Dear All,
I’m pretty set on having an MRI. I was wondering whether others have had ?
Thank you 😊
Dear All,
I’m pretty set on having an MRI. I was wondering whether others have had ?
Thank you 😊
Thank you for replying,
I hope your results were fine. I’m not concerned about the actual procedure is just like to know how if there is a brain in there and how it’s fairing - sometimes I do wonder.
Yes I've had 2 brain mri' one including the upper cervical. I naively thought this my spine but neck. Akso a ct scan on my brain.
Good to rule out bleeds ect
Mine had lesions on and raised t3
Inflammation and so on that scared the life out of me as the Gp wouldnt comment. . In the end the wait was so long to get it explained by a neurologist I paid for a neurologist to read it and explain.
They said all with normal limits for someone my age.
So biggies ruled out.
I thought it would tell me more . I think it csn as waiting for a neuro opthalmologis appointment and they want the original scan and not the report.
This was very efficient and wad very impressed by the nhs radiologist dept. A disc was sent. 9 months ago.
So expect a wait for appointment to explain your mri scan
Yup, I've had two.

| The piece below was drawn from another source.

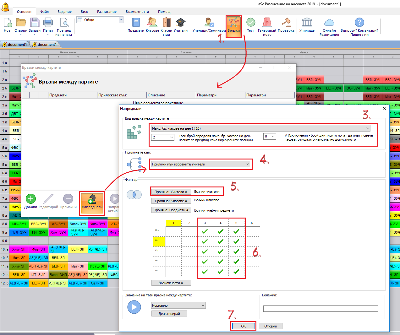 Пример: Обяд между 3-ти и 6-ти час. Tова означава, че има 4 часа на разположение. Ние може да въведем това и по този начин да сме сигурни, че по време на 3-6 учебни часове даден учител може да има максимум 3 часа.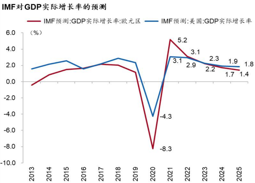 其次,在美国经济的相对强弱方面。从IMF的预测来看,欧元区2021年的GDP实际增长率高于美国,这将对美元构成压制。但需要留意的是,欧元区经济呈现出更强的恢复弹性有一部分因素来源于低基数效应,如果我们抛掉低基数的影响,预计美国经济仍能够以相对更快的速度恢复至疫前水平,美元因货币超发导致的贬值不一定能够持续太长时间。此外,从长周期来看,我们也很难得出“欧洲经济将长期超越美国”的结论,也很难支持美元已经进入熊市周期的论调。

One was a PET/MRI looking to see if my Neuroendocrine Cancer had spread (it hadn't) and one looking at my head to see if there was an obvious cause of my fourth cranial nerve palsy (there wasn't).
What are they looking for?
I made a video of my PET/MRI. The coloured bits are from the PET scan showing where the radioactive DOTATATE was located in my body. Cool!

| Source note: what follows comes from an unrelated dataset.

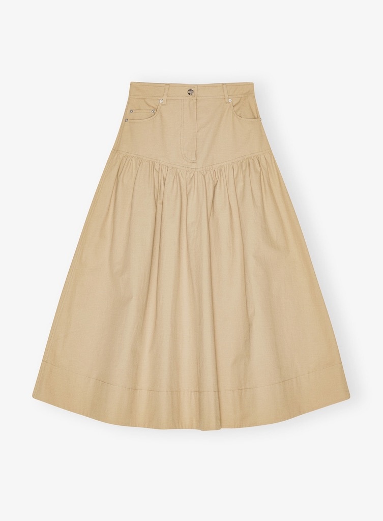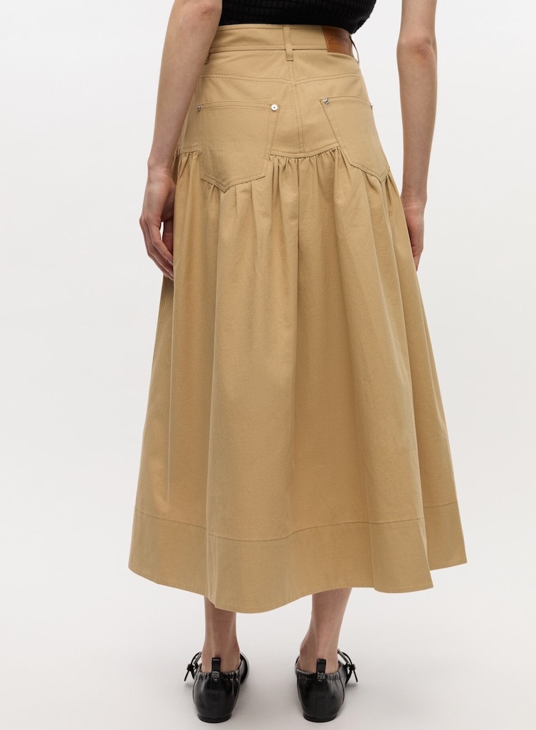 GanniSuiting long skirt khaki €345,00 Incl. btwSize: *36384042Toevoegen aan winkelwagenGratis verzending Vanaf €150,-Beschrijving+ Button and zip closure + Belt loops + 5 pockets + GANNI logo patch + Drop waist + 83% organic cotton, 17% linen

Wow I found that fascinating to watch. Thanks for posting. That’s good about NETs and shame they didn’t find a cause for the palsy..
Gosh, I asked a private neuro 2 years ago for one as had very pronounced symptoms of vitamin B deficiency/MS. (Diagnosis of fibromyalgia) but certain events got in the way.
I’d like to know about lesions and since April this year I have experienced ‘lightning strike’ headaches (excruciating) and TMJ which is pretty ouch.